The activity gives my days a structure that provides me with a great deal of satisfaction. I guess it all started with those years when I had a job and was required to be somewhere at a particular time. In those days, I woke at the same time and was at my desk before anyone else in the office, because that was the time I got the most work done. Once other people arrived and the phones started ringing, it was much harder to stay focused on the task at hand. I was usually working on at least one manuscript or gathering references, something like that. I just realized that I don't miss working one bit. Not that I didn't enjoy my job, but I have substituted other routines into my days, and it works just fine.

Nobody is keeping track of what I do with my days any more. I don't get a paycheck, and nobody is forcing me to catch the 7:22am bus. But it gives me pleasure, and I enjoy being a regular at the coffee shop, a regular in the gym class, and a regular on the bus. I suspect that everyone else at the bus stop on a dark rainy morning is going to work or class, not going somewhere because it gives their day a structure. By noon, I have returned home and will putter around, sit down with a good book, or climb in my car and run errands. By 4:00pm, it's time to have a glass of wine and start the evening part of my day. Somewhere during these days, I spend several hours talking with my partner or watching favorite TV shows together. He lives his life the way he wants, and I live mine, but we really enjoy our together times, too. It works out great, and we are both very grateful to have found each other. Sometimes I am amazed at how free of friction our life together is.

I do spend more time that I should with my electronics. I like being connected to the wider world, and I will read the blogs I follow and the news, a few editorials that I like, and (as always) the comics. I have one laptop window dedicated to them (Doonesbury, For Better or For Worse, Zits, Baby Blues, Pickles, and Monty), and once I've done everything else, I open that window and usually have a chuckle or two. That's the signal that it's time for me to close the laptop and move on to other things.

I suppose if I were to look closely at the way I structure my days, I might wonder if I should be spending time volunteering to an important cause, or perhaps making a difference in the world around me. The news sometimes causes me anxiety, because this world we live in needs people who are willing to make it a better place. I've got the ability but not the willingness. Am I wrong? Should I be living my life differently? Sometimes I really wonder about this.

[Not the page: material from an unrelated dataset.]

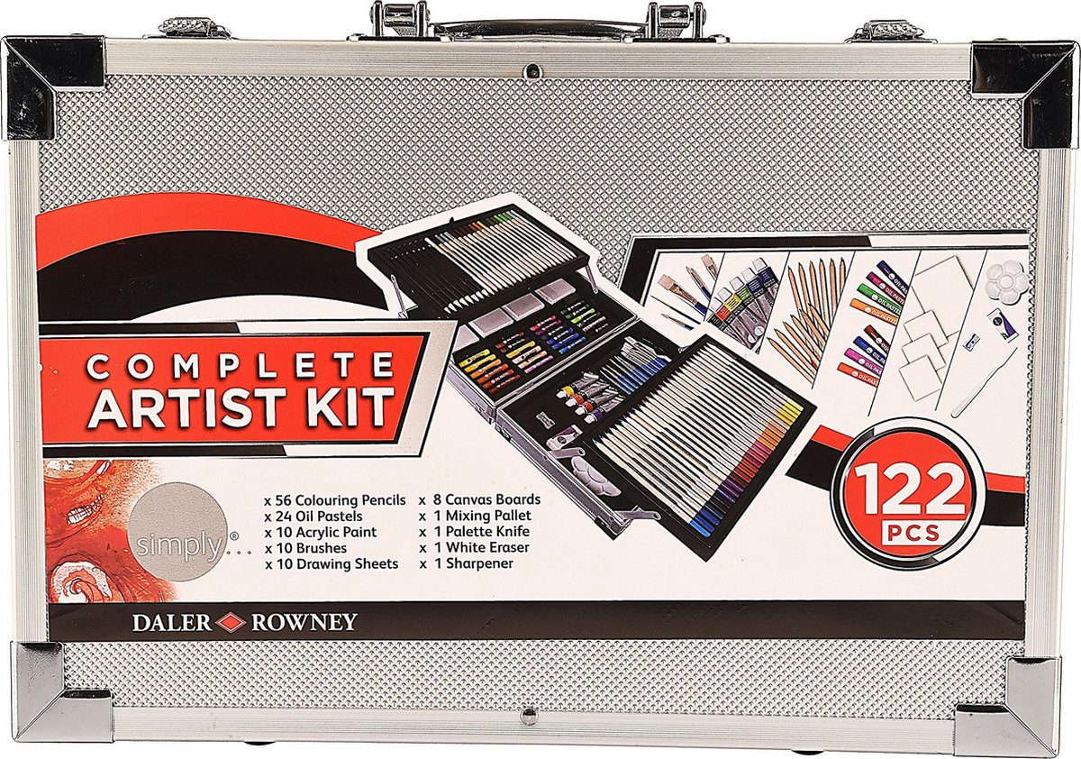 Set bestaat uit: - 56x kleurpotloden - 24x oliepastels - 10x acrylic verf - 10x penselen - 10x tekendoeken - 8x canvassen - 1x meng pallet - 1x pallet mes - 1x gom -1x slijper

Well, this day of falling back, rather than springing ahead, has become one of contemplating my daily life. I've done that today, using my extra hour to think about where I'm going and sharing it with some of my favorite people: my regular readers. That reminds me of one thing I haven't mentioned: writing blogs, especially this one, gives me so much satisfaction and a purpose to my days that I almost forgot to notice it! How I would miss it if it were not here. And how I would miss you if you were not here, either.

But you are, today. And so am I. Be well, give your loved ones a special little hug for me, and I'll see you here next Sunday, if all goes as planned.